It's like... You have gangrene in your foot and someone says that you should amputate it to save your life. But you complain that you want the foot healed and functional, not amputated and the gangrene keeps spreading further and further and soon you are going to have to lose the leg or die.
This is not the perfect metaphor for politics but my point is that you sometimes need to make tactical decisions and vote for someone with a chance of passing even if they are only slightly better than the other alternatives.
Doesn't do much good to say "I did not vote because Hillary wasn't any better than Trump" now does it? Similarly if Romney is at least better than the other guy vote for him rather than wasting your vote in the gerrymandered areas.
Romney would only be better than the other guy in the Republican primary.
As for why I rag on the Dems so much, it's because they've been offering the same sort of milquetoast, corporatist, neo-liberal centre-right candidates for decades now, and especially over the last eight years, it's cost them literally over a thousand seats--look at how many state houses and Governorships the Republicans now control, not to mention the Presidency, the House of Representatives, the Senate, the Supreme Court, and let's not forget all those vacancies on the lower federal courts.
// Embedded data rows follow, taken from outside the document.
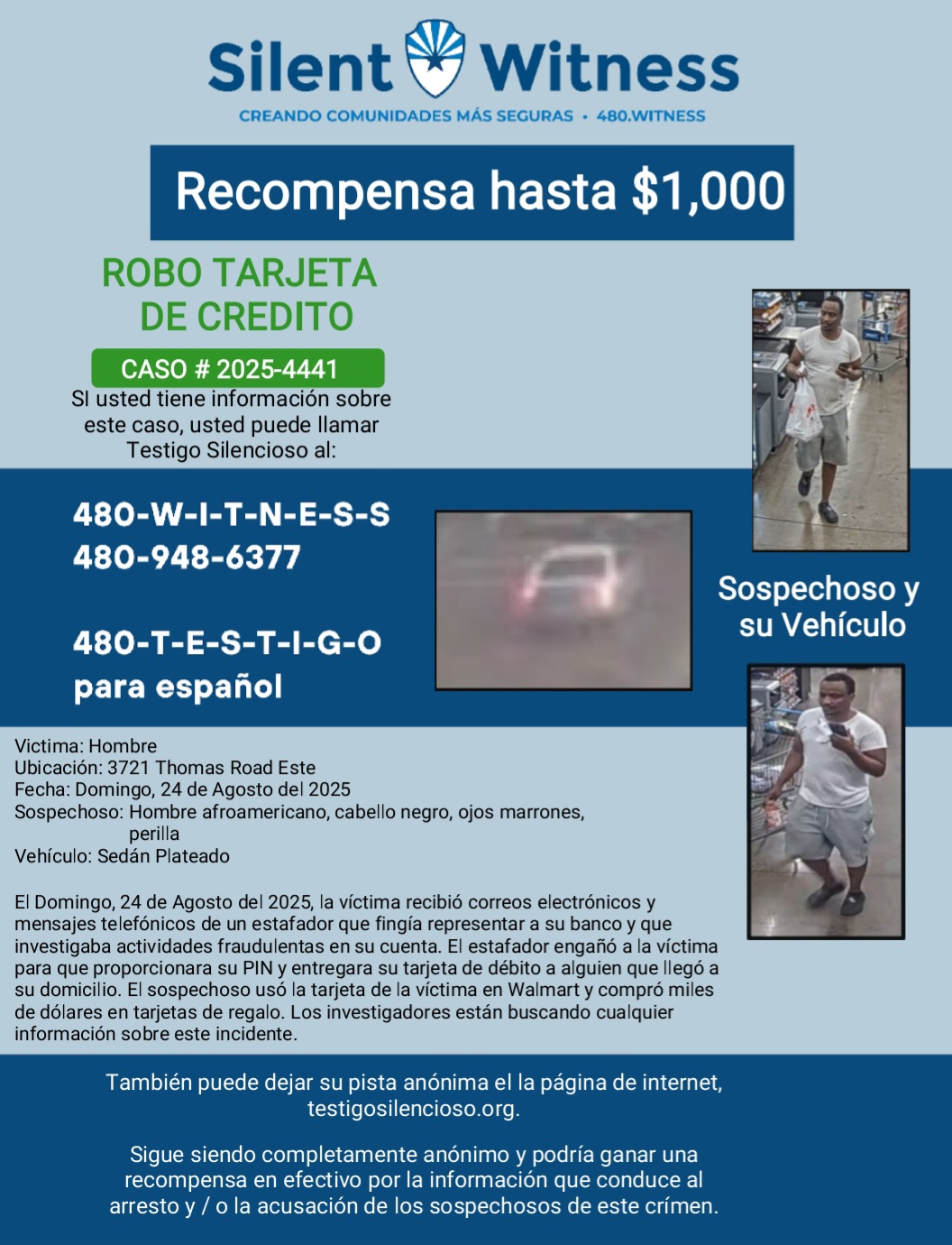 El Domingo, 24 de Agosto del 2025, la víctima recibió correos electrónicos y mensajes telefónicos de un estafador que fingía representar a su banco y que investigaba actividades fraudulentas en su cuenta. El estafador engañó a la víctima para que proporcionara su PIN y entregara su tarjeta de débito a alguien que llegó a su domicilio. El sospechoso usó la tarjeta de la víctima en Walmart y compró miles de dólares en tarjetas de regalo. Los investigadores están buscando cualquier información sobre este incidente.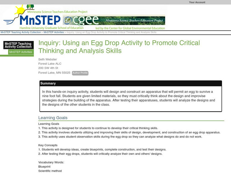 Serc: Using Egg Drop Activity to Promote Critical Thinking and Analysis Skills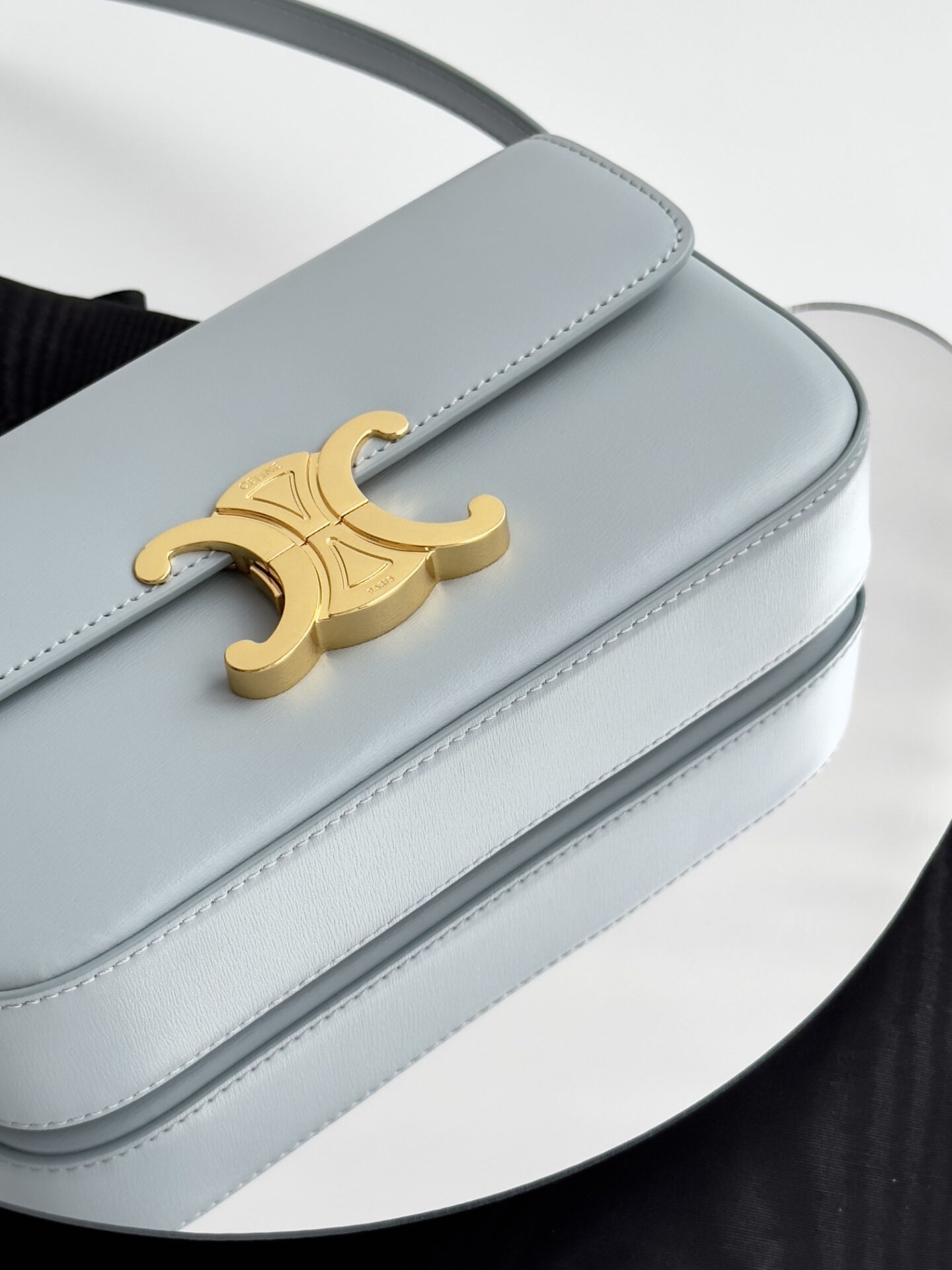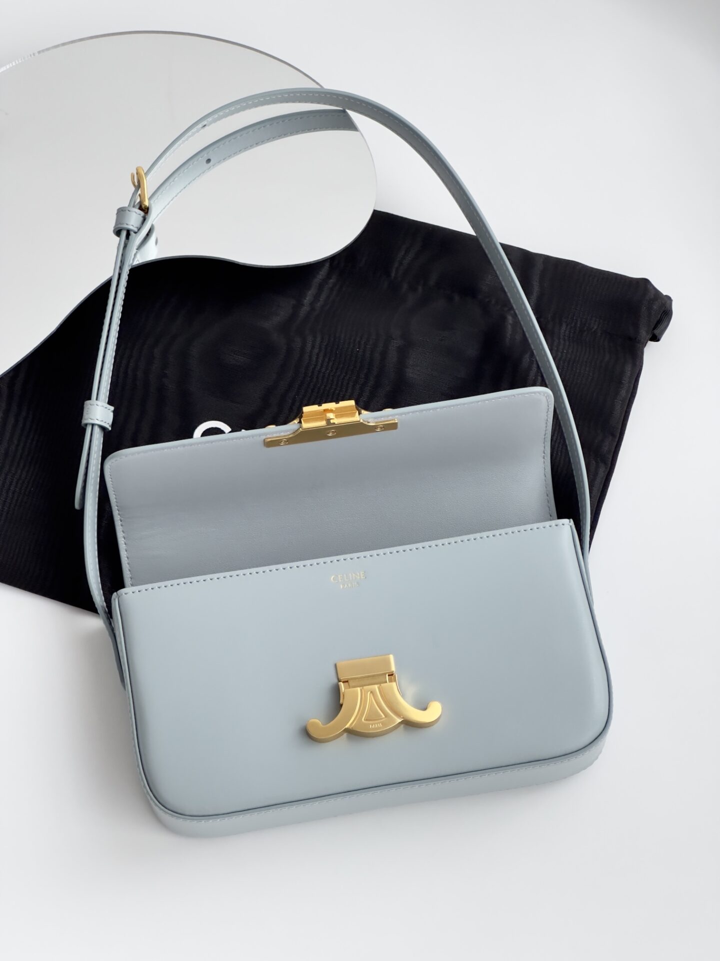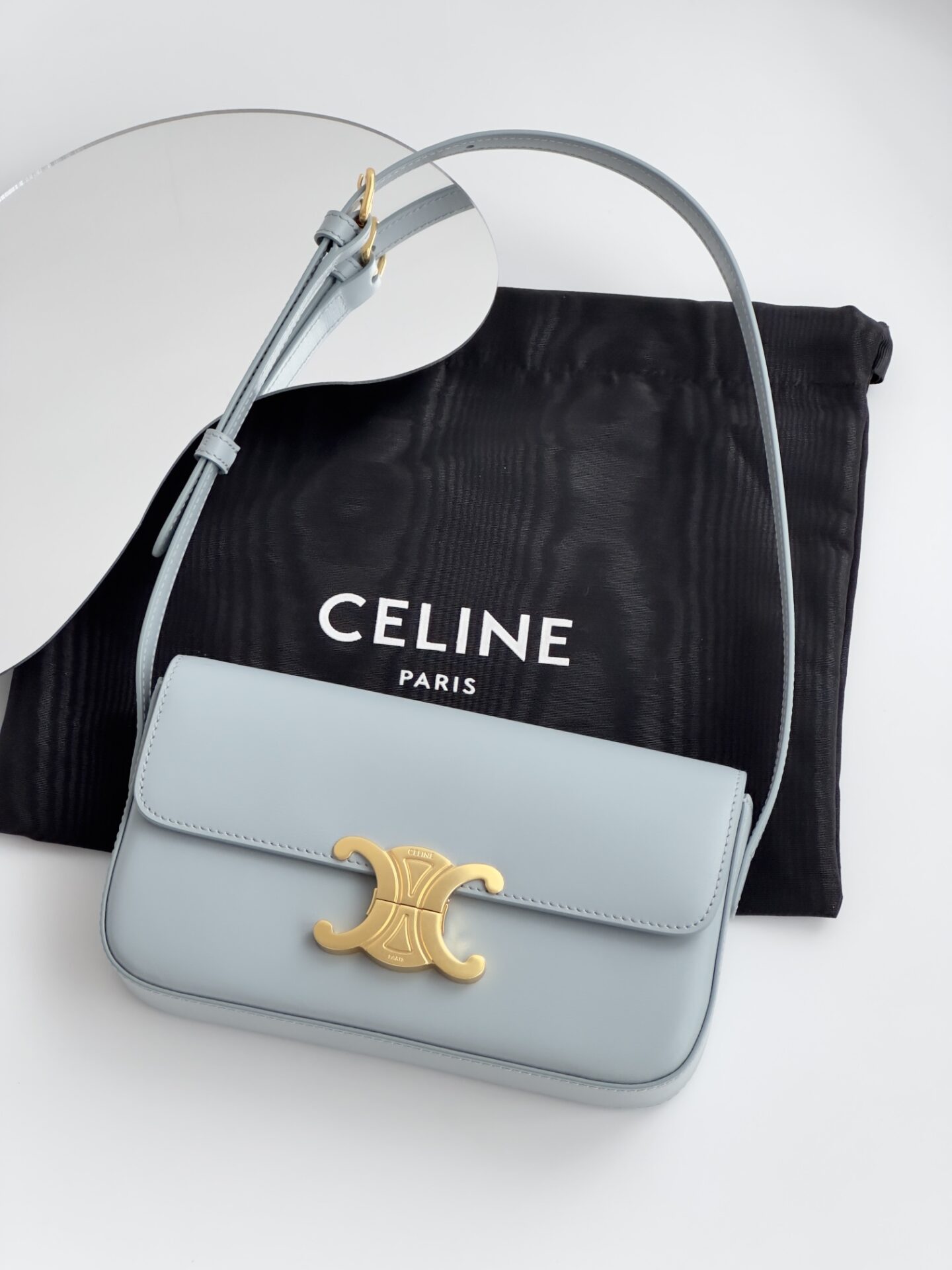 부드러운 연한 파랑 색상의 셀린느 트리옴프 숄더백입니다.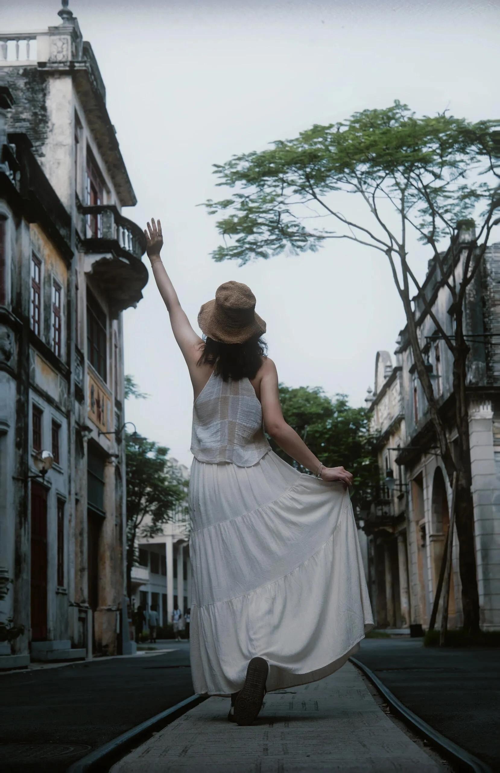 赤坎古镇则处处是景 。红色的门、电车轨道都是很好的拍摄背景。 特别推荐等待电车经过时与之互动拍照 ,这需要摄影师和模特都反应迅速,快速找位置、摆姿势,抓住稍纵即逝的瞬间。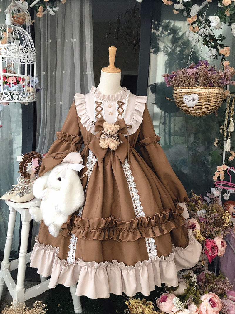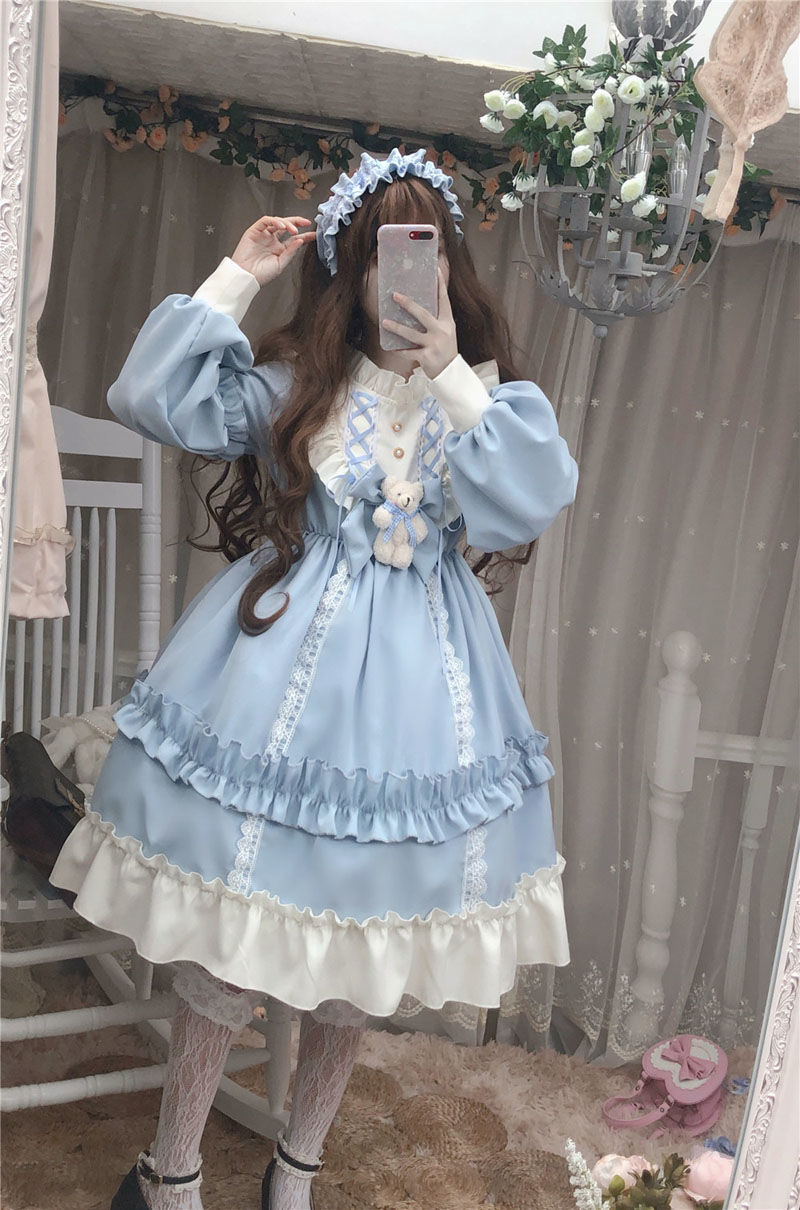Sixsr Japanese Gothic Lolita Dress Women Kawaii Bow Bear Lace Blue Dress Long Sleeve Princess Dress Halloween Costume Gift For Girls

They have not, of late, tried running populist left candidates
en masse, even though populist left policies almost universally have well over 50% support and the most popular politician in the country is a populist left one (by US standards, anyway; most anywhere else he'd be a centrist or centre-right). So why, when your strategy has so clearly failed, would you keep doing that and not try the one thing neither party has tried on a large scale, when you know that the most prominent figure who espouses precisely that is incredibly popular--who can get roomfuls of rural Trump voters in supposedly solidly-Republican states to cheer his agenda?
From a Narcotics Anonymous text in 1981: "Insanity is repeating the same mistakes and expecting different results." (Earliest known occurrence)
The Republicans keep doing it with trickle-down economics. The Democrats keep doing it with corporatist centre-right candidates.